Multiprocessing-safe versions are also included:

- |SharedPOD|_ (alias for |SharedPersistentOrderedDict|_)
- |SharedTracker|_

.. NOTE::

Please report any bugs and request features by opening an issue at the
project's `github page <https://github.com/enewe101/tastypy>`_.

Install
=======
.. code-block:: bash

pip install tastypy

.. _PersistentOrderedDict:
.. _POD:

``PersistentOrderedDict``
=========================

The ``tastypy.POD`` (short alias for ``tastypy.PersistentOrderedDict``) is a
dict-like datastructure that transparently synchronizes to disk. Supply a path
when creating a ``POD``, and the data will be persisted using files at that
location:

.. code-block:: python

>>> from tastypy import POD
>>> my_pod = POD('path/to/my.pod')
>>> my_pod['foo'] = 'bar'
>>> exit()

Previously-stored data can then be accessed after the original program
terminates:

.. code-block:: python

>>> from tastypy import POD
>>> my_pod = POD('path/to/my.pod')
>>> my_pod['foo']
'bar'

``POD``\ s are meant to feel like ``dict``\ s in most respects. They support
the same iteration mechanisms, a similar implementation of ``update()``, and
their ``len`` corresponds to their number of entries.

JSON -- general, simple, secure
-------------------------------
Data is serialized in JSON format using the builtin ``json`` module for
serialization and deserialization. JSON is general enough to represent pretty
much any data, and unlike pickles, it is secure, application-independant, and
interoperable across programs and python versions. The persistence files are
human-readable, and easily hacked manually or with other tools.

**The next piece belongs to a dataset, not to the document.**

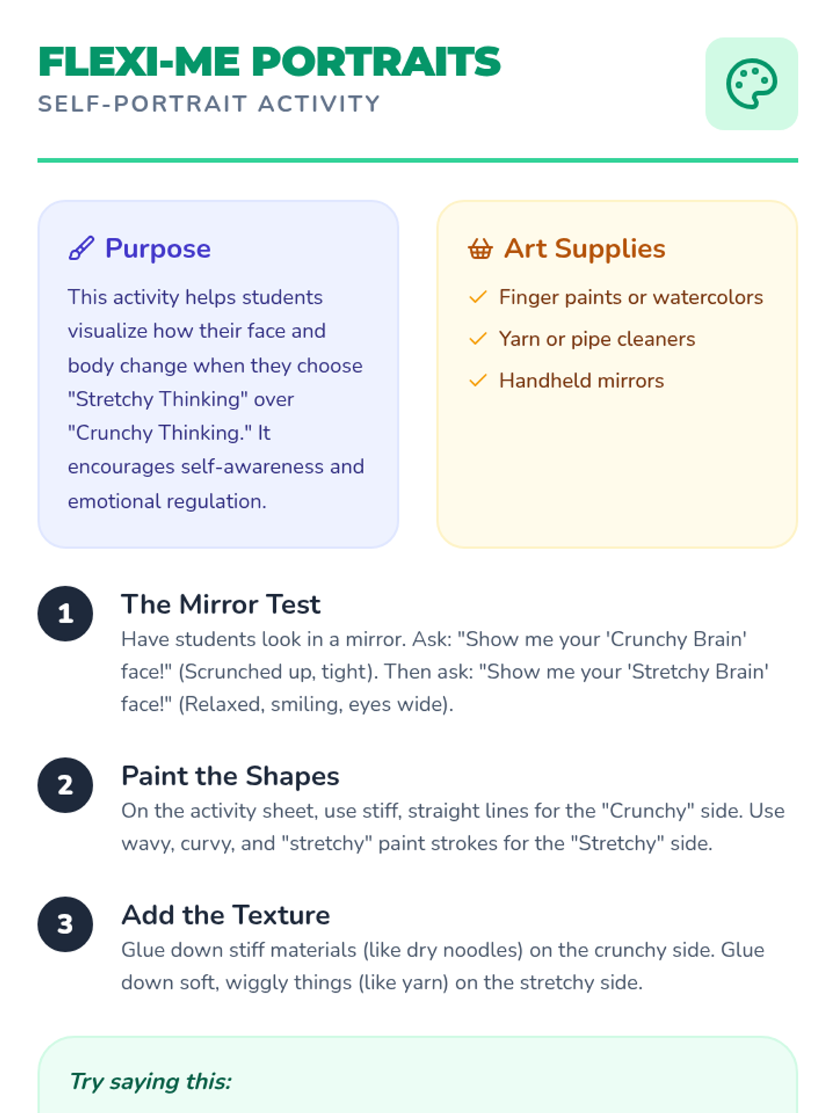 A two-part self-portrait activity where students use art supplies to visualize themselves in 'Crunchy' vs 'Stretchy' thinking states. It includes a teacher's guide and a structured student work page.

While there are advantages to using ``json``, there are also some limitations.
Only json-serializable data can be stored in a ``POD``: which includes
string-like, number-like, list-like, and dict-like objects (and arbitrarily
nested combinations). In a serialization-deserialization cycle, string-likes
will be coerced to ``unicode``\ s, list-likes to ``list``\ s, and dict-likes to
``dict``\ s. It's actually a great idea to keep your data decoupled from your
programs where possible, so sticking to these very universal data types is
probably an *enabling* constraint.

There is, however, one quirk of ``json`` that can be quite unexpected:

.. WARNING::

``json.encode()`` converts integer keys of ``dict``\ s to ``unicode``\ s
to comply with the JSON specification. This quirk is inherited by
``tastypy``:

.. code-block:: python

>>> my_pod[1] = {1:1}
>>> my_pod.sync(); my_pod.revert() # do a serialize/deserialize cycle
>>> my_pod[1]
{'1':1}

Notice how the key in the stored ``dict`` turned from ``1`` into ``'1'``.


Synchronization
---------------

Generally you don't need to think about synchronization---that's the goal
of ``tastypy``. Still, it's good to understand how it works, and how not to
break it.

Any changes made by keying into the ``POD`` will
be properly synchronized. However, if you make a reference to a mutable type stored
in the ``POD``, and then mutate it using *that* reference, there is no way for
the ``POD`` to know about it, and that change will not be persisted.

So, for example:

.. code-block:: python

>>> my_pod['key'] = []
>>> my_list = my_pod['key']
>>> my_list.append(42) # BAD! This won't be sync'd!
>>> my_pod['key'].append(42) # GOOD! This will be sync'd!

``POD``\ s keep track of values that were changed in memory, and synchronize to
disk whenever enough values have changed (by default, 1000), or when the
program terminates. (The synchronization threshold can be set using the
``sync_at`` argument when creating the ``POD``.)

Can data be lost?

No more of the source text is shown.